写真6 ファイア・アイ代表取締役社長の原田英昭氏

 FireEyeのソリューションは、従来のセキュリティ対策を補完するものとなっており、ウェブ、メール、ファイルの3種類のソリューションにより高度な標的型攻撃に対応する。この3種類の「マルチベクター防御」に加え、インバウンドで未発見の脆弱性の検知、トロイの木馬が外部と通信しようとすると遮断、休止しているマルウェアを検疫するなどの「マルチステージ攻撃防御」を備えているとした。

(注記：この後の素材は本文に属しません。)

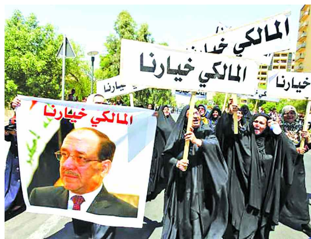
People hold a portrait of Nuri al-Maliki and signs as they gather in support of him in Baghdad on 13 Aug, 2014.

Maliki had resisted months of pressure to step down from Sunnis, Kurds, some fellow Shi'ites, Shi'ite regional power Iran and the United States. He had insisted on his right to form a new government based on the results of a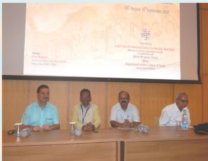
Delegates on Dais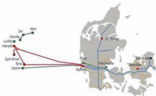
Figur 2: The backbone of Denmark's natural gas grid consists of 860 km national gas pipes, a gas store and 46 regulation stations. The grid is connected to regional and local gas pipes.

The upgrading process is basically a separation of the biogas' content of 55-70% methane ( \text{CH}_4 ) from its unwanted content of 30-45% carbon dioxide ( \text{CO}_2 ), plus a small content of ammonia ( \text{NH}_3 ), hydrogen sulphide ( \text{H}_2\text{S} ) and hydrogen ( \text{H}_2 ). The process raises the biogas' methane content to about 98% according to applicable standards while it is energy adjusted by use of a little propane and compressed to at least 200 bar.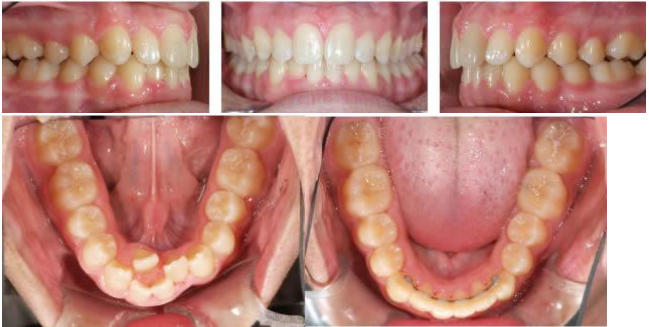
18 months full braces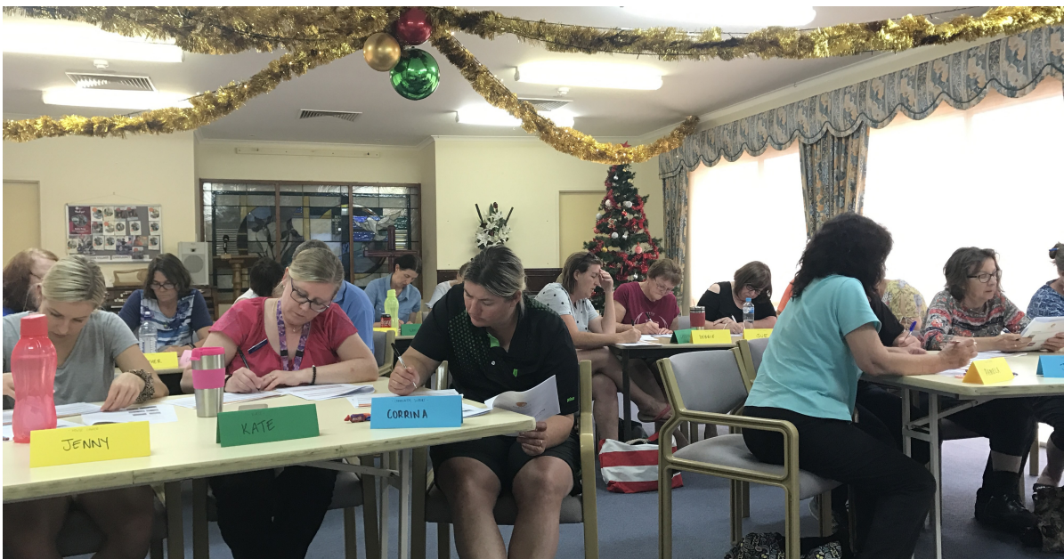
Staff undertaking an emergency response assessment during the last mandatory training session for 2018.

We have a lot to work towards with a busy year ahead, but I look forward to seeing you again in 2019!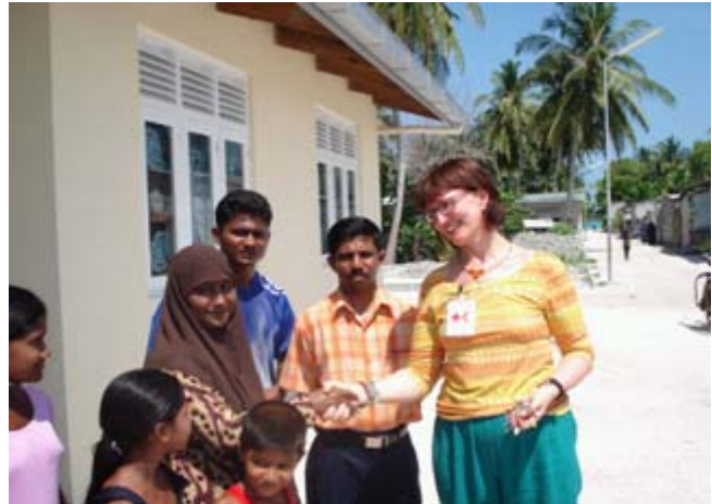
A member of the International Federation high level group for tsunami response hands over a house to a beneficiary family on Guraidhoo Island. The International Federation constructed 14 houses on Maafushi and 46 on Guraidhoo; these were completed in May and November 2006 respectively.

This security incident impacted on the International Federation's programmes by restricting some travel and consequently monitoring of projects. Project implementation was also affected by minor disruption to travel and transport of materials/equipment due to the arrival of the monsoon season. The Ramadan period – September- October 2007 – also affected operations through restricted business opening hours. International Federation activities were mindful of the month-long focus on prayer and fasting, and activities were adjusted. For instance, block making on Dhuvafaaru was stopped and focus shifted to training and community engagement.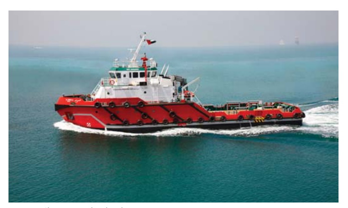
36m Utility Vessel, Al Nibras I.

We achieved two deliveries that are milestone achievements in the expansion of the company's portfolio. Firstly the trials for a new breed of specially designed utility vessels were successfully completed, and then most significantly, the first DP vessel designed by Grandweld was handed over to her client amidst great pomp and display.

 日本法人の代表取締役社長である原田英昭氏は、「基本的な戦略は従来と変わらない。しかし、日本市場は期待されており、今後は大阪にも支店を作るなど注力していく」と説明する。

写真7 ファイア・アイのシニアセキュリティエンジニアを務める小澤嘉尚氏

 原田氏は「販売方式も100%代理店経由を継承し、一次代理店であるマクニカネットワークスとの協力を深める。NECやSCSKと組んで運用サービスも提供しており、今後さらに展開していきたい」と今後の見通しを語る。日本法人の設立にあわせ、テクニカルサポートの強化や日本市場に適した製品開発、日本語版サイトのオープン、マニュアルなどの日本語化なども進めていく構えだ。

 同社シニアセキュリティエンジニアである小澤嘉尚氏はマルウェア「Flamer/sKyWIper」の概要を説明した。

  • Flamerは複数の感染経路と数段階で被害をもたらす

 Flamerは多目的スパイ活動ツールであり、高度な潜入技術と複数の窃盗メカニズムを搭載するなど、これまで報告されているサーバ攻撃ツールの中でも最も高度なツールのひとつだという。イランやイスラエル、パレスチナ、スーダン、シリア、レバノン、サウジアラビア、エジプトで感染が確認されており、Windowsのセキュリティホールを狙う。

 この攻撃に対しても、FireEyeのマルチベクター防御とマルチステージ攻撃防御で対応できるという。